Professor Rod Sims AO, Chair of the Superpower Institute and Professor Ross Garnaut AC, Director of the Superpower Institute, Director Zen Energy, Member of the Net Zero Economy Agency Advisory Board will Address the National Press Club of Australia on 'Realising Australia’s economic and climate opportunities'
Rod Sims AO is the Chair of the Superpower Institute (TSI) and Ross Garnaut AC is a Director. They will address the National Press Club to present a bold plan for Australian Climate and Economic policy.
TSI is dedicated to doing the analysis and advocating for the policies that will simultaneously benefit Australia’s economy and the world’s climate. Given the size of the transition needed these two policy areas—economic policy and climate--must merge; they are today separate.
Our Speakers will seek to dramatically change the narrative around climate and economic policy. Without such a change in narrative Australia will continue to underperform on both the economy and climate change. They will explain why climate policy belongs at the heart of macroeconomic, productivity and budget policy. Further, if Australia maximises its contribution to global net zero this will be an economic plus for Australia, not a drag.
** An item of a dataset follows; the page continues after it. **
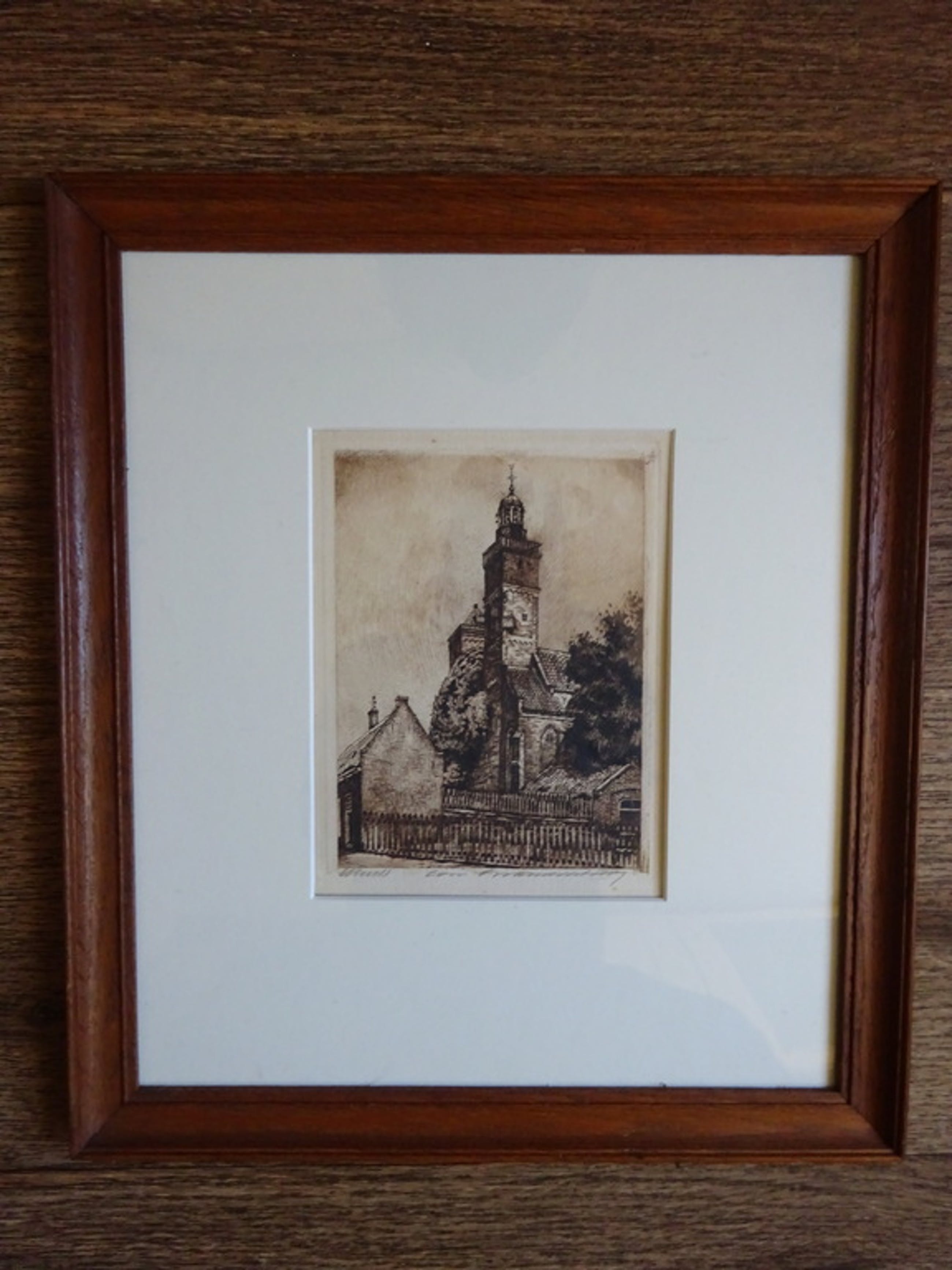 Ets : 17 x 13 cm. met passe-partout en lijst : 38,5 x 34,5 cm.

Australia is the world’s largest exporter of LNG and coal taken together. Many focus on the costs of losing what has been our large comparative advantage in these commodities. But Australia has the world’s best combinations of wind and solar energy resources and complementary resources to use them. It has enormous sources of biomass relative to population and economic size for a zero-emissions chemical industry. The transition to net zero flips the economics. In a net zero world it will now make sense for a high proportion of the minerals and other products that are currently processed overseas, with large carbon emissions, to be processed in Australia using our huge renewable energy resources and biomass potential.
Australia’s economic advantages relative to the rest of the world are so significant that their large-scale utilisation would materially improve the prospects of achieving the world’s climate objectives. In addition to our over 1% of world emissions now in Australia we could remove around another 6-9% of global emissions that other countries will find very difficult to abate. Processing our iron ore into green iron in Australia would alone reduce world emissions by 3%. Australia covers about 5% of the earth’s land surface; supplying about 6-9% of the world’s renewable energy is no stretch given our abundant solar, wind and land resources.
With the right climate and economic policies Australia can:
- Significantly boost its productivity, economic growth and prosperity,
- Have continuing full employment,
- Have more equal incomes,
- Improve its budget, which can allow more social spending, protect us from international shocks and keep us internationally competitive and
- Have much lower electricity prices.
Australia currently, however, faces rising unemployment, stagnant productivity and a fall in the living standards of most Australians.
Most important, and for the first time, they will outline the appropriate policies to achieve all of the above.
Such policies will:
- Address the important and difficult issues that will arise from the Governments recent announcements on the Capacity Investment Scheme for the electricity sector,
- Facilitate the necessary and massive investment that needs to be made in green energy-intensive exports, which current policies fail to do,
- Outline how best to deal with Australia’s continuing export of coal and gas, which is an issue that divides Australia and currently has no direction,
- Provide the correct response by Australia to the US Inflation Reduction Act,
- Allow Australia to be a large beneficiary of the EC’s Carbon Border Adjustment Mechanism,
- Untangle the current confusion with trade policy in Australia and around the world, and
- See electricity prices fall significantly for Australian households.
Australia needs a bold plan on many fronts; these speakers propose to provide one.